Not really asking for a solution here as don't see one! just needed to vent a bit

OP posts:
Mittens030869 · 22/03/2020 14:19

I don't want to depress the OP further, but. sadly, this situation is going to get worse rather than better. Because the schools have only just closed, so parents will be doing less work rather than more. Also, many of these parents will get sick or the other parent will (like in my DH's case). Some of you who are not parents will get sick too. (Sadly, some people may die.)

I think the current situation is untenable and a lot of workplaces won't survive this. (This is why the government are preparing to intervene with financial packages.)

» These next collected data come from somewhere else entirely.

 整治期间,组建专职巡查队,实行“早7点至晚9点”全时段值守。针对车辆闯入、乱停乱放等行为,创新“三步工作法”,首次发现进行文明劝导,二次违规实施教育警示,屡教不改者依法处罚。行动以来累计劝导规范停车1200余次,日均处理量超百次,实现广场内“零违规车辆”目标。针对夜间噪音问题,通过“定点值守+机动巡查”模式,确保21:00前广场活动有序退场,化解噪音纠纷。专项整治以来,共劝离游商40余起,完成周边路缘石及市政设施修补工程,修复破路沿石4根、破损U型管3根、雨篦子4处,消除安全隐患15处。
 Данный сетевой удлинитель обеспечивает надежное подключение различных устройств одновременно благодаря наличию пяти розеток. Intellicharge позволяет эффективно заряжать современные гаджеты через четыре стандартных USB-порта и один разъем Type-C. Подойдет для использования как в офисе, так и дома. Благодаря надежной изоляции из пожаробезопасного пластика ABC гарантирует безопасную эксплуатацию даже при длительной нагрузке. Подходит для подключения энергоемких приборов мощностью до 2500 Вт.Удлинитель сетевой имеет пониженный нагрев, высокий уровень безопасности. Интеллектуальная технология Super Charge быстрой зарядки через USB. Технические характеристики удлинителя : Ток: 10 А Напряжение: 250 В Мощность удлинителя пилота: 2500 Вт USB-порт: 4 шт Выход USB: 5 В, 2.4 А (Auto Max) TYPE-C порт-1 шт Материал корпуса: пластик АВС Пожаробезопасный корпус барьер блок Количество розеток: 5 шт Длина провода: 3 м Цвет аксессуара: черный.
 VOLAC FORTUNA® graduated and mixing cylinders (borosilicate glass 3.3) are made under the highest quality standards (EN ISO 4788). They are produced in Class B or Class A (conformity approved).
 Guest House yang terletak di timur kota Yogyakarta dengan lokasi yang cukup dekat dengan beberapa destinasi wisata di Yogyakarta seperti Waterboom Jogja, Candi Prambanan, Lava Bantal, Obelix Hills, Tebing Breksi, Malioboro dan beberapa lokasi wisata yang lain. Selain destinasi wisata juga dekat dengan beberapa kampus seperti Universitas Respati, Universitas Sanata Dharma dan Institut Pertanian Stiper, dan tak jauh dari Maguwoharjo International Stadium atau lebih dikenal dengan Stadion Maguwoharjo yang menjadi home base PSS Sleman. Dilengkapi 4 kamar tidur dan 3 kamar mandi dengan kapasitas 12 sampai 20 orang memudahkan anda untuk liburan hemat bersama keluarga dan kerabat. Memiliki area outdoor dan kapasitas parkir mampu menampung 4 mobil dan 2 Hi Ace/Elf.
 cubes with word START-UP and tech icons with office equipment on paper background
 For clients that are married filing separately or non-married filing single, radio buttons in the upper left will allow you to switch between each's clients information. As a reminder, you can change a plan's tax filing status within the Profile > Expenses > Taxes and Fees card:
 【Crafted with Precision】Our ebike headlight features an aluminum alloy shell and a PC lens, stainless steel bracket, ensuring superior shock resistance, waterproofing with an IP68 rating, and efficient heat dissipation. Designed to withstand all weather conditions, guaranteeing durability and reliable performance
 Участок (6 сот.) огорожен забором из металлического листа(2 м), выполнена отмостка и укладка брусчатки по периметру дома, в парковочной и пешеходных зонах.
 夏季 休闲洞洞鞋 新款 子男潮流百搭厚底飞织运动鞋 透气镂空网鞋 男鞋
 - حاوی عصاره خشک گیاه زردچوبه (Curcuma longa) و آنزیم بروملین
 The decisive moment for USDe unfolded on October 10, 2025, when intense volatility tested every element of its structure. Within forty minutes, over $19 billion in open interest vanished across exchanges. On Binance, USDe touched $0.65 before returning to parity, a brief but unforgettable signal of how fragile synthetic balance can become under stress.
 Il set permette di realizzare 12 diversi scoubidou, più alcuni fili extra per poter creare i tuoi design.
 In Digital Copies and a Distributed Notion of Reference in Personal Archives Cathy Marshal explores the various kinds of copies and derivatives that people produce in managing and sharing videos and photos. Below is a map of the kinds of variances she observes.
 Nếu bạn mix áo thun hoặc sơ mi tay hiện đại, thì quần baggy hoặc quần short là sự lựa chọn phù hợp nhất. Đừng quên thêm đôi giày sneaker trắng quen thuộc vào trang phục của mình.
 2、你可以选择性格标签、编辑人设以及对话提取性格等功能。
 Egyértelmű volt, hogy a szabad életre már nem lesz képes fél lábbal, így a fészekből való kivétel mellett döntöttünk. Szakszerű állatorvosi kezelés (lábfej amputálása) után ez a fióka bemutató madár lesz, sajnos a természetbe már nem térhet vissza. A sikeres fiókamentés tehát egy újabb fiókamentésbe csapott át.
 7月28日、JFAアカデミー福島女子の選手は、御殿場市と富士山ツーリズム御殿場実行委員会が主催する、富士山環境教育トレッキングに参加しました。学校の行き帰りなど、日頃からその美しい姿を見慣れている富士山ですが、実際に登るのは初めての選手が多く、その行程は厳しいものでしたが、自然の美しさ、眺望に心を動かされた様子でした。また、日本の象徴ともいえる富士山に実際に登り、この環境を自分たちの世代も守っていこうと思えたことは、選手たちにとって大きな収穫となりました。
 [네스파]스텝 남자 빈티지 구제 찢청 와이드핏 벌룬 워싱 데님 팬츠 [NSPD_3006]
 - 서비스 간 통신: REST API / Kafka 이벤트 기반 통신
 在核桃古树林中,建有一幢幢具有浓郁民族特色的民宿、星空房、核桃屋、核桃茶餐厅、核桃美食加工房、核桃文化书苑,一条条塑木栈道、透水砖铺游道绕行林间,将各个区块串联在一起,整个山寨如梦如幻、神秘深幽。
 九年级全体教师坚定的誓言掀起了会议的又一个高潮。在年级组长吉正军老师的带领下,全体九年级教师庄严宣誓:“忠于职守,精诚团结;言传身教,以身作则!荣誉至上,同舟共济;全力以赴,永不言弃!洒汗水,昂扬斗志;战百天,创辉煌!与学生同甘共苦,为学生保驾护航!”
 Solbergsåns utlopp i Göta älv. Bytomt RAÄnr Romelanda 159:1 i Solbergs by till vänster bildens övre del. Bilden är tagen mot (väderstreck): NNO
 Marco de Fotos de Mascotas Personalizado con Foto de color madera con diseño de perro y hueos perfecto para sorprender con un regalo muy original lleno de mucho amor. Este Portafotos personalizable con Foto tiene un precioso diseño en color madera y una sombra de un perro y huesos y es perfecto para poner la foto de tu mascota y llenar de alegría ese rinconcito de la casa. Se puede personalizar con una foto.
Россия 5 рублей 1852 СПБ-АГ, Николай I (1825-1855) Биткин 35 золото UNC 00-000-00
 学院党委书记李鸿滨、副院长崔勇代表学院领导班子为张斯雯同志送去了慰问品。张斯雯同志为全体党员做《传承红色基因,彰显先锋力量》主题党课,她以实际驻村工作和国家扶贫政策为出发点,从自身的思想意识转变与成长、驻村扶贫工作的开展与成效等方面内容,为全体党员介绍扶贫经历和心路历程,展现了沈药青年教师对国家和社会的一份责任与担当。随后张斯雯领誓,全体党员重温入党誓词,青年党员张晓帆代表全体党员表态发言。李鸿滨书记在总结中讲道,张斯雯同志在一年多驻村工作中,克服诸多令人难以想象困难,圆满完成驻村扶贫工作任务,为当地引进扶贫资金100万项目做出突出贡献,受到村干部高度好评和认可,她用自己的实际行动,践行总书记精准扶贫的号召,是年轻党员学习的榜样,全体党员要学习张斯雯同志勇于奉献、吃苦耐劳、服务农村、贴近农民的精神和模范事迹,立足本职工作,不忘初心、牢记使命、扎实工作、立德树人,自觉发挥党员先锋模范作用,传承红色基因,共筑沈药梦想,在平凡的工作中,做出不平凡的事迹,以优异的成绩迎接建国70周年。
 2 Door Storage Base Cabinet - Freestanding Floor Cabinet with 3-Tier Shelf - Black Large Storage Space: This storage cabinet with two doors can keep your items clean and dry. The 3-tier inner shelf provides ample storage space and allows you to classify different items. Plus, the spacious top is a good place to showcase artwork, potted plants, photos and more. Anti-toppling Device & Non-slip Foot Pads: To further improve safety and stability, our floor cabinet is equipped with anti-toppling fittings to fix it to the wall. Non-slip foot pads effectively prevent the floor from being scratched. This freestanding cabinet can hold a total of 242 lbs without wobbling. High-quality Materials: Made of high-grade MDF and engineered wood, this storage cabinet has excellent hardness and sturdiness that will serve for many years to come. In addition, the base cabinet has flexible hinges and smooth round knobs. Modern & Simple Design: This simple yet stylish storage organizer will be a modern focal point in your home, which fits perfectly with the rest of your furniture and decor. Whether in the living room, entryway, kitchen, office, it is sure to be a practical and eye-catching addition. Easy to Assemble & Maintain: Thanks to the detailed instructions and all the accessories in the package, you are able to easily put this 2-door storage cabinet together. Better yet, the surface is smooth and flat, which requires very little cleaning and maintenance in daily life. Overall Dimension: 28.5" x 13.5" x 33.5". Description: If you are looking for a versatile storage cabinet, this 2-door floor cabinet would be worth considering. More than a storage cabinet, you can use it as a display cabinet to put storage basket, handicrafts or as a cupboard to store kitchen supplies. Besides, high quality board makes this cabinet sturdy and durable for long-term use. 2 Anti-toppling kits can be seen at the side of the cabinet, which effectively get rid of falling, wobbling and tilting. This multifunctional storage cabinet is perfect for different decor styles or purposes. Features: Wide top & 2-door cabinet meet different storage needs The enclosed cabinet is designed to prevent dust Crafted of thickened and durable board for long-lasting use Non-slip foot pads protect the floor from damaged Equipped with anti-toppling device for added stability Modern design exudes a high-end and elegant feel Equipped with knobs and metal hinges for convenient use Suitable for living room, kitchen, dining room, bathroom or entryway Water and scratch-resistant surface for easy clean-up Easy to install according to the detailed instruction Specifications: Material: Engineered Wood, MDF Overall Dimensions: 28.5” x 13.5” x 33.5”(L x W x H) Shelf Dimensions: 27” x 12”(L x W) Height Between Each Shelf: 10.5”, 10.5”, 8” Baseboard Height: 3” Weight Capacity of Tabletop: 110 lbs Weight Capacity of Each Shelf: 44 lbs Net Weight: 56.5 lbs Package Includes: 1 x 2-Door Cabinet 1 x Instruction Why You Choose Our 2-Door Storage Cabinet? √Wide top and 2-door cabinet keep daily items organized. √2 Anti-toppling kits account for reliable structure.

alltoomuchrightnow · 22/03/2020 18:50

No, they are not working from home, as said before, it's (non essential) retail. We (still working) are all working behind closed doors of the store . My manager is the only one who can do 'some' work from home. She didn't want to be home but was ordered to,

OP posts:
alltoomuchrightnow · 22/03/2020 18:52

Mittens, I'm certain some of us working will get sick, just from mingling with each other. plus we are next to a huge supermarket and most people go there before or after work (can't get delivery slots so needs must.. me included)

OP posts:
alltoomuchrightnow · 22/03/2020 18:55

HopeYou, that's great, pleased for your DD who must be so exhausted. Sounds like a very good company.
Mine is and they just can't send that many people home. We can't work from home and there's hundreds of us

OP posts:
Mittens030869 · 22/03/2020 19:22

If they can't work from home, then what are they supposed to do, with the kids now off school? Most childminders have closed down their activities and parents have been told that they can't ask grandparents, both of these are the options outside school most used.

They may have caused this reaction by being CFs in the past over school holiday cover and Christmas, but this one isn't their fault.

alltoomuchrightnow · 22/03/2020 19:36

I know that, Mittens! There's nothing they can do. They can't bring kids to work. The resentment has now swung a bit, from the non parents to the parents still working who are moaning about not seeing their kids or being able to brave the supermarkets when they want. They know it's a shit situation but are resentful of the ones getting to see their kids loads. And some of the at home parents have been flooding FB with photos of picnics and seaside

OP posts:
Mittens030869 · 22/03/2020 19:46

Well, they're being entirely irresponsible in that case. Not because of what isn't their fault but because they're putting themselves and others at risk. That really pisses me off, as someone who is suffering from COVID-19 in all likelihood.

The government has to impose a lockdown for all our sakes.